His first March ‘investment’ was £7,000 for a season of F2 in 1971. He topped this up in order to make his F1 debut: he qualified next to last for his home GP and retired because of poor handling. Undeterred, he went all in for 1972.
“£42,000 [for F1 and F2],” says Mosley. “A huge amount.
“The deal was agreed and signed, but then the bank wouldn’t give him the money because his grandfather, a big figure in Austrian business, had told it not to.
“Niki called me: ‘I’m having a bit of trouble. But don’t worry. I will go to another bank.’ I was a bit dubious, but he duly provided a letter of guarantee from his father. Probably I should have enquired further.
“Anyway, he did produce the money.” Not that it did him much good. The disastrous 721X F1 car negated Lauda’s strong start in F2, which included a win at Oulton Park.

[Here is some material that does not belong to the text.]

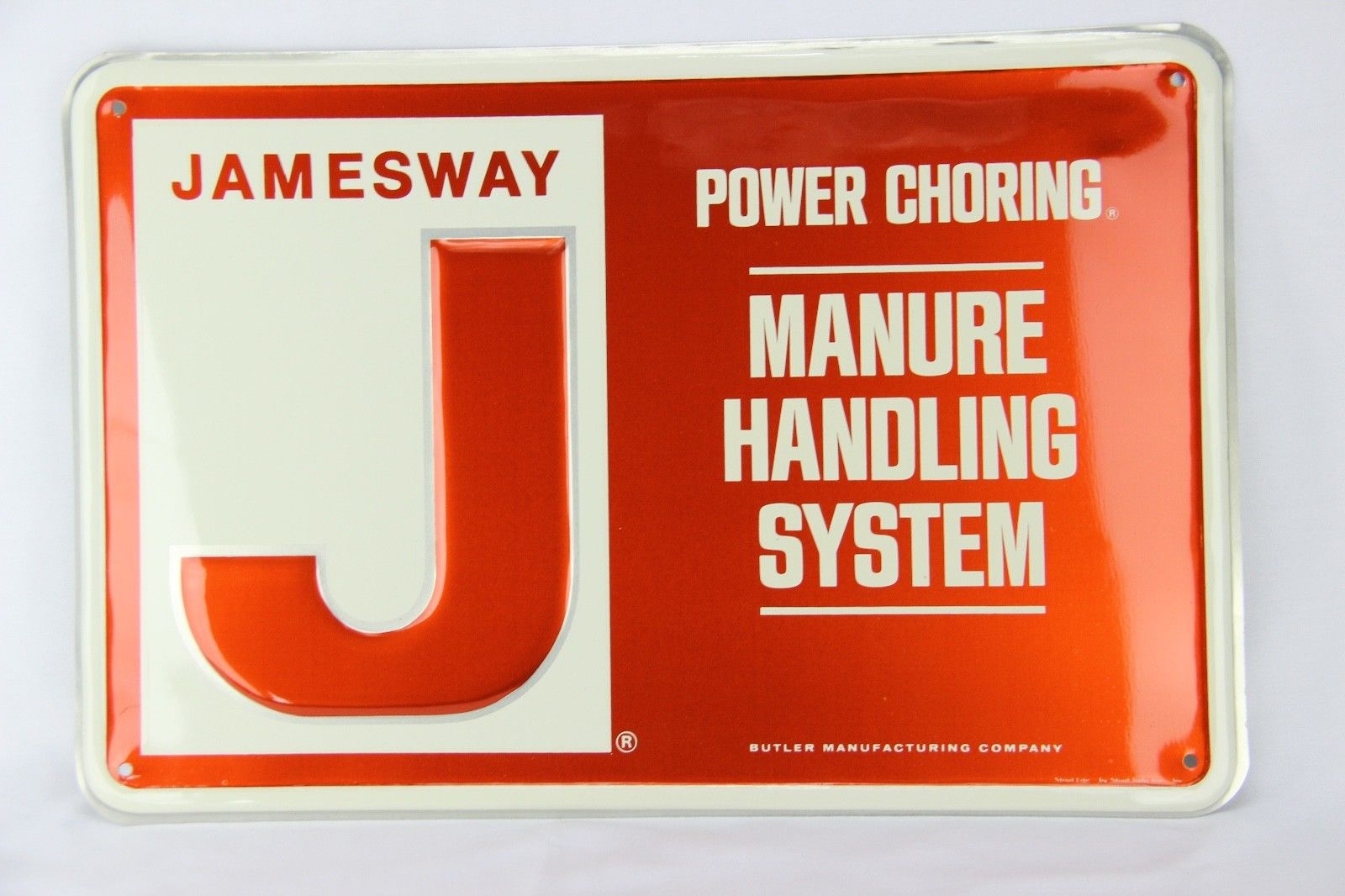 VINTAGE JAMESWAY FARM BARN EQUIPMENT EMBOSSED TIN ADVERTISING SIGN MANURE

“Ronnie always told me that the long-wheelbase 711 [of 1971] was the easiest F1 car he ever drove,” said March co-founder and chief designer Robin Herd, now sadly no longer with us. “So I decided to go the whole hog: ultra-low moment of inertia.” Reducing the ‘dumb-bell effect’ of weight at the extremities.
Ideologically buoyant March had adopted the fashionable Colin Chapman-esque view: it was (only!) a technological breakthrough away from becoming world champion.
Its ongoing relationship with Alfa Romeo provided the gearbox/differential (in that order) that Herd desired. The result was acute understeer.
“The change in weight distribution was partly to blame,” said Herd. “But we could’ve got around that. What screwed us was that Alfa transmission.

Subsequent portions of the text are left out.